* **ACTION ITEM**
Among the lines of the listing below, retype exactly those from the one containing "W ramach obchodów" through the one containing "Satisfy your cravings", both included. Do not include pictures.

* **RECORDS FOR THIS EXERCISE**
# # # # # # #
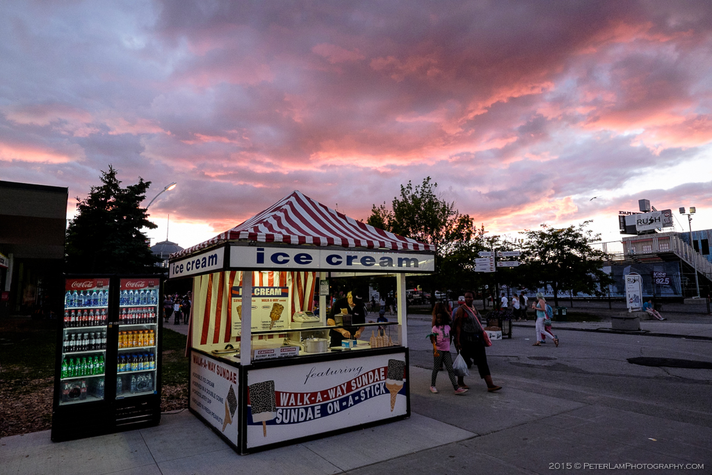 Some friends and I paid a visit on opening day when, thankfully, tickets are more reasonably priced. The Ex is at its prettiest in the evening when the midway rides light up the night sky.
# # # # # # #
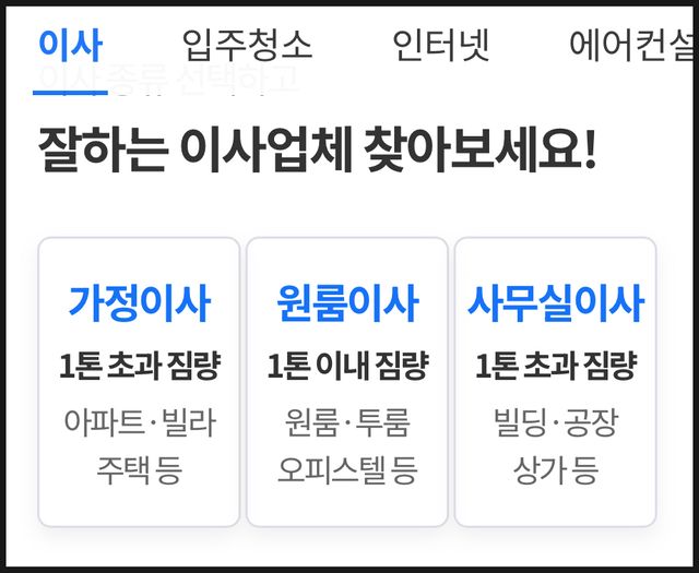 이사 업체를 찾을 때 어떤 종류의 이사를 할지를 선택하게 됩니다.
# # # # # # #
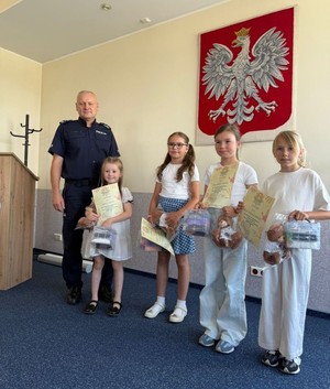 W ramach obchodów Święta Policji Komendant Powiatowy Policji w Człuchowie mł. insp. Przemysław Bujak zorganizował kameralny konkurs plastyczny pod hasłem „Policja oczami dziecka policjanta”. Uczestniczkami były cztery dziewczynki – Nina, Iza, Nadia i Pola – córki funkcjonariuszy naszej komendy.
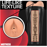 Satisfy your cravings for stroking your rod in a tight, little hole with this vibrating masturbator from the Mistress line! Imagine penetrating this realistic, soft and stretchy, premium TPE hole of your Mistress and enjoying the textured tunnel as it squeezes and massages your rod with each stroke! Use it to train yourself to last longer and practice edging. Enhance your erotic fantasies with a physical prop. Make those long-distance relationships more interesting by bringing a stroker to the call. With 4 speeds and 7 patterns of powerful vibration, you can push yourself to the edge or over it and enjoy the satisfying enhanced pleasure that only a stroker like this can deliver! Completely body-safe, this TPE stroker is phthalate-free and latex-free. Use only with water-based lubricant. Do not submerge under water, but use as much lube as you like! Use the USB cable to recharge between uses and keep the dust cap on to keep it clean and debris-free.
# # # # # # #
* **EXERCISE SOLUTION**
 W ramach obchodów Święta Policji Komendant Powiatowy Policji w Człuchowie mł. insp. Przemysław Bujak zorganizował kameralny konkurs plastyczny pod hasłem „Policja oczami dziecka policjanta”. Uczestniczkami były cztery dziewczynki – Nina, Iza, Nadia i Pola – córki funkcjonariuszy naszej komendy.
 Satisfy your cravings for stroking your rod in a tight, little hole with this vibrating masturbator from the Mistress line! Imagine penetrating this realistic, soft and stretchy, premium TPE hole of your Mistress and enjoying the textured tunnel as it squeezes and massages your rod with each stroke! Use it to train yourself to last longer and practice edging. Enhance your erotic fantasies with a physical prop. Make those long-distance relationships more interesting by bringing a stroker to the call. With 4 speeds and 7 patterns of powerful vibration, you can push yourself to the edge or over it and enjoy the satisfying enhanced pleasure that only a stroker like this can deliver! Completely body-safe, this TPE stroker is phthalate-free and latex-free. Use only with water-based lubricant. Do not submerge under water, but use as much lube as you like! Use the USB cable to recharge between uses and keep the dust cap on to keep it clean and debris-free.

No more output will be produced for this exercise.